REQUIREMENT -
Please return exactly the lines from the beginning of the listing up to and including the line with "Drive layshaft roller", with no pictures.

RECORDS SHOWN -

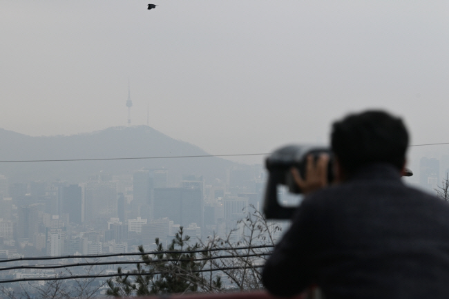 전국 대부분 지역의 초미세먼지 농도가 ‘나쁨’ 수준까지 치솟은 6일 오전 서울 성북구 북악팔각정에서 바라본 도심 풍경이 뿌옇다. 이날 수도권·강원 영서·충청권·호남권·영남권·제주권은 ‘나쁨’, 인천·경기 남부·충남·광주·전북·제주권은 늦은 오후에 일시적으로 ‘매우 나쁨’ 수준일 것으로 전망됐다. 7일 미세먼지가 걷힐 것으로 예상되지만, 영남권은 새벽에 일시적으로 ‘나쁨’ 으로 예상된다.
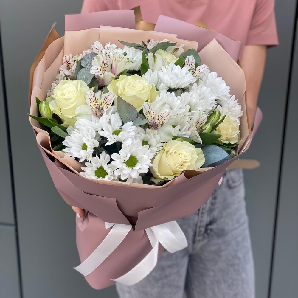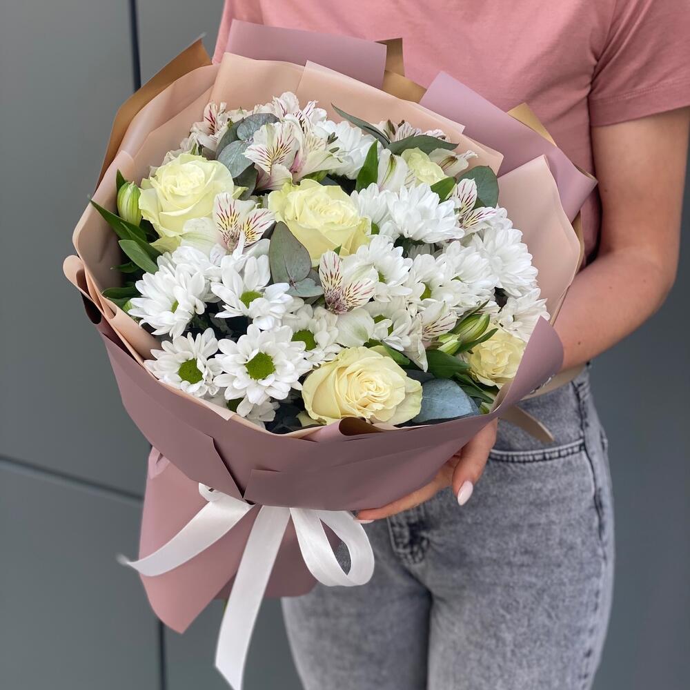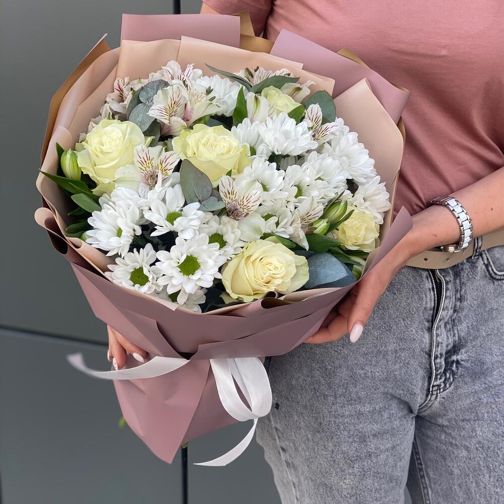Букет из роз, хризантемы и альстромерии в оформлении!
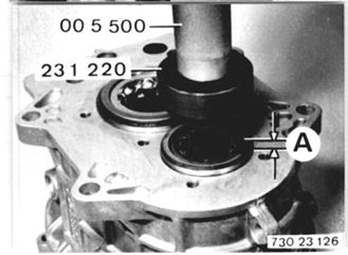 Drive layshaft roller bearing out and in with Special Tools 23 1 220 and 00 5 500. Protrusion A = approx. 5 mm (0.197´´). Install roller bearing that open end faces in. | ![]() |
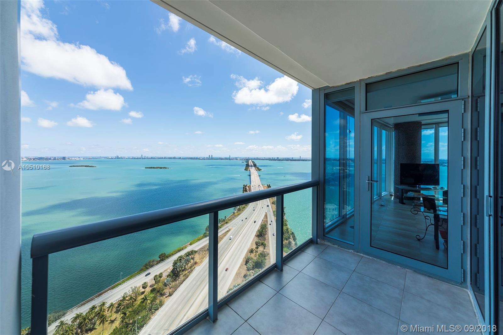 Stunning panoramic water and city skyline views! The largest and highest floor unit for a non-PH. 2138 sf per appraisal and priced less than appraisal. Expanded master suite, 2nd bedroom with marble en suite bath, powder room, pantry, W&D in unit, parking for 3 cars (2 assigned & 1 free valet space). 24hr concierge, valet parking, 2 pools, bbq area, gym, movie theater, billiards, business center, party rm, pet friendly, dog park, bicycle parking, extra storage.
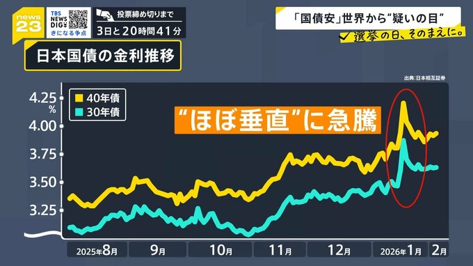 財政リスクを反映しやすい「超長期国債」にも売りが殺到し、金利は“ほぼ垂直”に急騰。

REPLY -
 전국 대부분 지역의 초미세먼지 농도가 ‘나쁨’ 수준까지 치솟은 6일 오전 서울 성북구 북악팔각정에서 바라본 도심 풍경이 뿌옇다. 이날 수도권·강원 영서·충청권·호남권·영남권·제주권은 ‘나쁨’, 인천·경기 남부·충남·광주·전북·제주권은 늦은 오후에 일시적으로 ‘매우 나쁨’ 수준일 것으로 전망됐다. 7일 미세먼지가 걷힐 것으로 예상되지만, 영남권은 새벽에 일시적으로 ‘나쁨’ 으로 예상된다.
Букет из роз, хризантемы и альстромерии в оформлении!
 Drive layshaft roller bearing out and in with Special Tools 23 1 220 and 00 5 500. Protrusion A = approx. 5 mm (0.197´´). Install roller bearing that open end faces in. | ![]() |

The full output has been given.